None of the lights turn on. I haven't tried it without RAM to be honest. Let me try it out. Could it be cause of the RAM?


----------



## Wrench97 (May 10, 2008)

The way it's acting, I don't think is ram, incompatible ram normally starts and hangs post leaving a ram fault code on the diag lights.

Make sure you counting to the 10th row of pins from the correct direction.


----------



## Matteus (Jan 21, 2009)

i am counting correctly for sure. i dont have an idea why it is doing this fault. any ideas?


----------



## Wrench97 (May 10, 2008)

If the heat sink was removed from the CPU and new thermal paste was not applied the CPU can heat up in seconds, Also the board is from the vintage when Dell had a big issue with capacitors failing check the caps for any signs of domed tops, leakage, missing cans> Check the Capacitors on the motherboard for any signs of leakage, domed tops, missing cans.> Badcaps.net - How To Identify


----------



## Matteus (Jan 21, 2009)

All capacitors seem to be ok but I gave up now!


----------



## jjl09 (May 11, 2011)

I have the same model of board foxconn ls-36 but it's a socket 775, i also am trying to start it by shorting the pins, i just want to check that i only need to short pins 19 and 20 with a clip is that correct, thanks for any help.

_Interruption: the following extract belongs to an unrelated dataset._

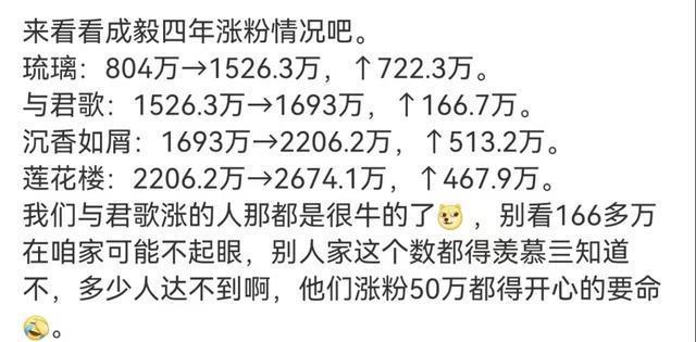 仅琉璃一部剧,就让成毅涨粉七百万。 一跃成为“千万流量”。 随后,2022年与顶流小花 杨紫 互助的 《千里香如屑》播出 。 又吸粉500万,再次跃升为两千万粉丝流量明星。

And as for your problem about it turning off maybe you need to actually jumper the pins, maybe you are shorting the pins then taking the clip off like you would in a standard atx mobo?


----------



## Wrench97 (May 10, 2008)

No you don't jumper the pins, LS36 is Foxconn's designation for contract built Dell boards not a model number.

Should be pins 19 and 20 but that's info cleaned from trail and error Dell does not publish any pinouts for the board or case.


----------



## jjl09 (May 11, 2011)

Thanks for reply. I see about ls36 then, it's model nos, cn-0n4846-13740-47u-ooun it's from a GX280 so i believe. 

Well i just tried to short 19 + 20 but nothing, there is one solid amber LED that comes on when i switch power on which from what i can find out is the right colour. I have my own stick of generic DDR2 and a Pentium 4D and my own cheap 500W PSU but nothing when i try to jump it. If i take out the stick of ram and jump then no beeps, so it's seems either the PSU or CPU or board itself. I think you are correct with 19 + 20. From a bit of googling it's seems dell boards maybe picky about the PSU it uses even though the LED is coming on?? Aprreciate any help, nobody seems specialised with this apart from yourself that i can find.


----------



## Wrench97 (May 10, 2008)

Not so the PSU after the Pentium III days(Not counting the XPS models), but very picky about ram, but it should still beep with out any installed.

They are also picky about CPU's the Dell Bios won't support any CPU Dell didn't intend to use on the board so if the FSB is 800 and the board was for a 533 it probably won't work.
The GX260/280's are also well known for Capacitor issues> Check the Capacitors on the motherboard for any signs of leakage, domed tops, missing cans.> Badcaps.net - How To Identify

Are you setting this up outside the case on the bench?
Most of these boards do not fair well in a retail case.


----------



## csi (Jun 20, 2011)

got the same board of ebay thanks for the info on the pins iwill give it a try.


----------